[Start of section]

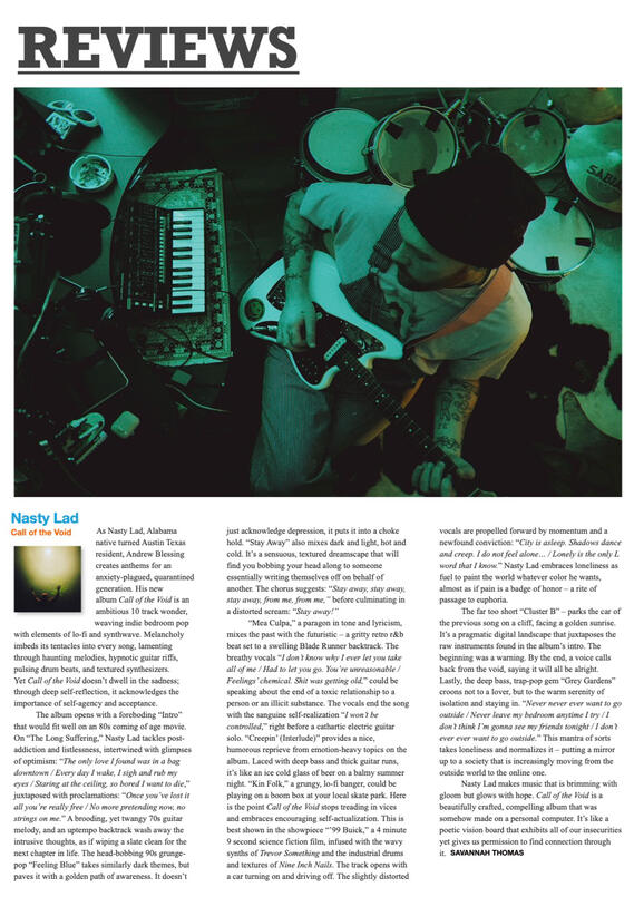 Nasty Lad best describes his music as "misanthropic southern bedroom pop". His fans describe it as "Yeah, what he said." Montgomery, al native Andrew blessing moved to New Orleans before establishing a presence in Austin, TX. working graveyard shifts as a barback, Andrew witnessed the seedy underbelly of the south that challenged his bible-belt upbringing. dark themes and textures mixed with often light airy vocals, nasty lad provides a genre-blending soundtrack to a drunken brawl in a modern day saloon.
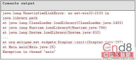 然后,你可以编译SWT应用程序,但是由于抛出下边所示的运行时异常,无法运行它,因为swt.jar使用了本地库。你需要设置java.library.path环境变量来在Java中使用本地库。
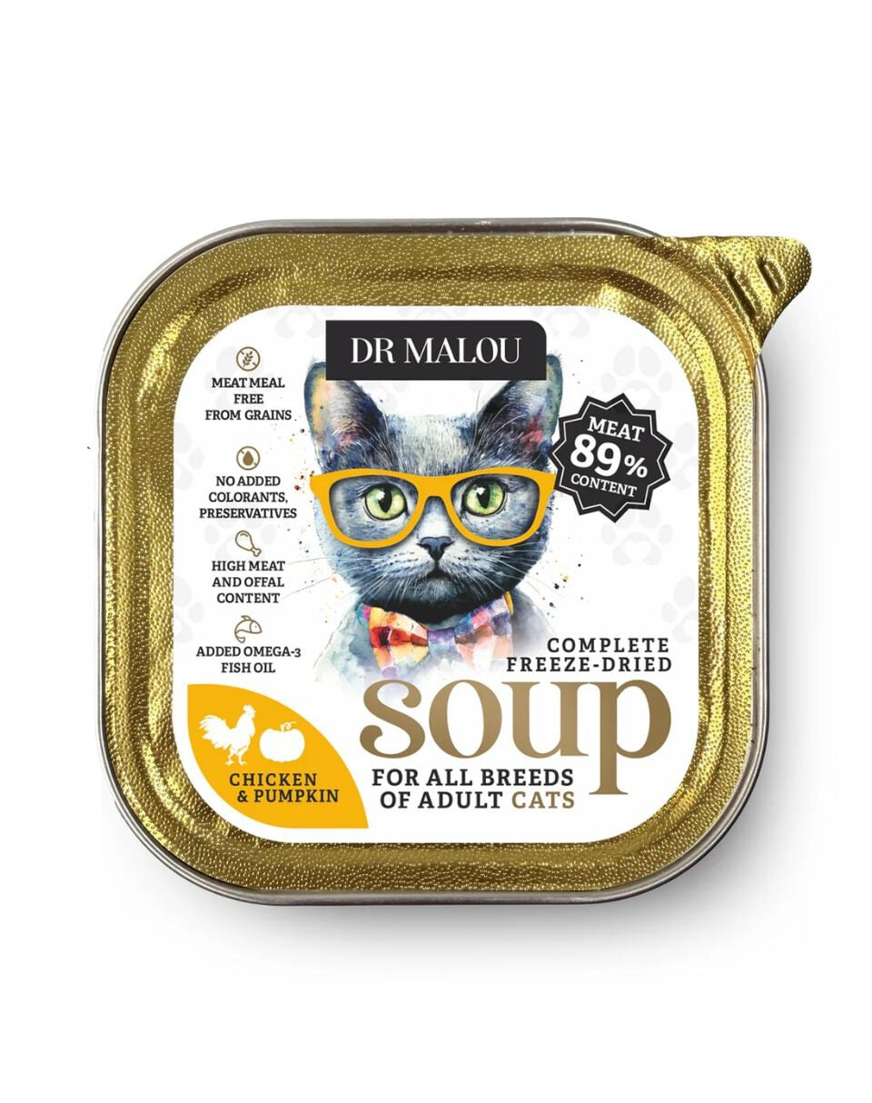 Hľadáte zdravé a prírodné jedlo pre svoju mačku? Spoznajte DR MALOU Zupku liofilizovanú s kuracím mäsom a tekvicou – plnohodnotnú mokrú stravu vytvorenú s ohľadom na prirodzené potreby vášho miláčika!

[End of section]
[Start of section]

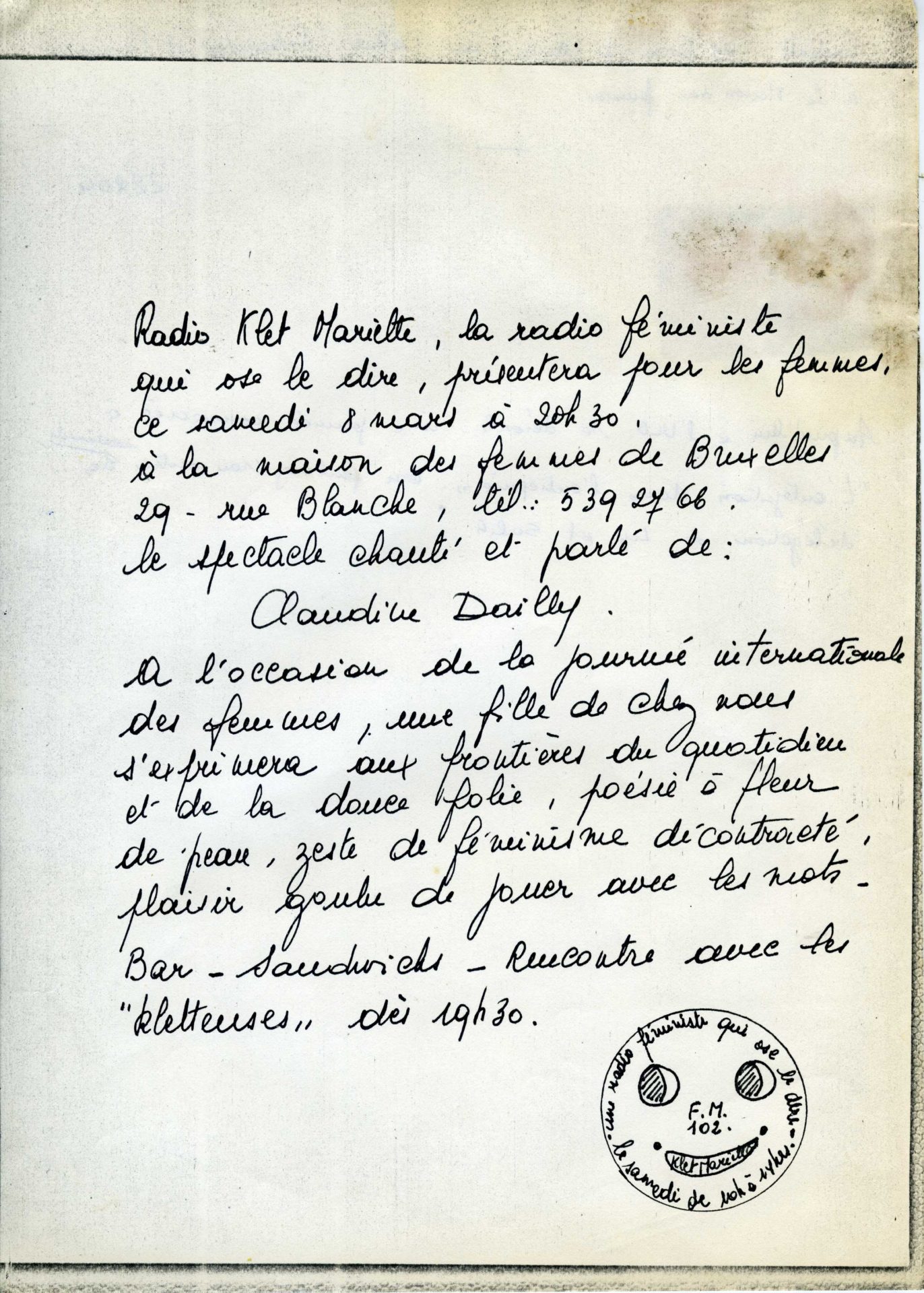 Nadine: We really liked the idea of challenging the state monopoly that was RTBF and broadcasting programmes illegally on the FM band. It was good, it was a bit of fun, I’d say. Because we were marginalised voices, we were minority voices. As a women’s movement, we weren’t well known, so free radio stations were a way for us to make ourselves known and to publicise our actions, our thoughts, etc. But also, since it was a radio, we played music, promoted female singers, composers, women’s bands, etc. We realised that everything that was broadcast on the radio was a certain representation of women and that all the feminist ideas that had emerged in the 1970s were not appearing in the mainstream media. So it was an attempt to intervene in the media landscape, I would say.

[End of section]

Leaving every picture aside, reproduce exactly the lines above from the one with "Nasty Lad best" up to and including the one with "Hľadáte zdravé a", and no others.

> **Result for this task**:
 Nasty Lad best describes his music as "misanthropic southern bedroom pop". His fans describe it as "Yeah, what he said." Montgomery, al native Andrew blessing moved to New Orleans before establishing a presence in Austin, TX. working graveyard shifts as a barback, Andrew witnessed the seedy underbelly of the south that challenged his bible-belt upbringing. dark themes and textures mixed with often light airy vocals, nasty lad provides a genre-blending soundtrack to a drunken brawl in a modern day saloon.
 然后,你可以编译SWT应用程序,但是由于抛出下边所示的运行时异常,无法运行它,因为swt.jar使用了本地库。你需要设置java.library.path环境变量来在Java中使用本地库。
 Hľadáte zdravé a prírodné jedlo pre svoju mačku? Spoznajte DR MALOU Zupku liofilizovanú s kuracím mäsom a tekvicou – plnohodnotnú mokrú stravu vytvorenú s ohľadom na prirodzené potreby vášho miláčika!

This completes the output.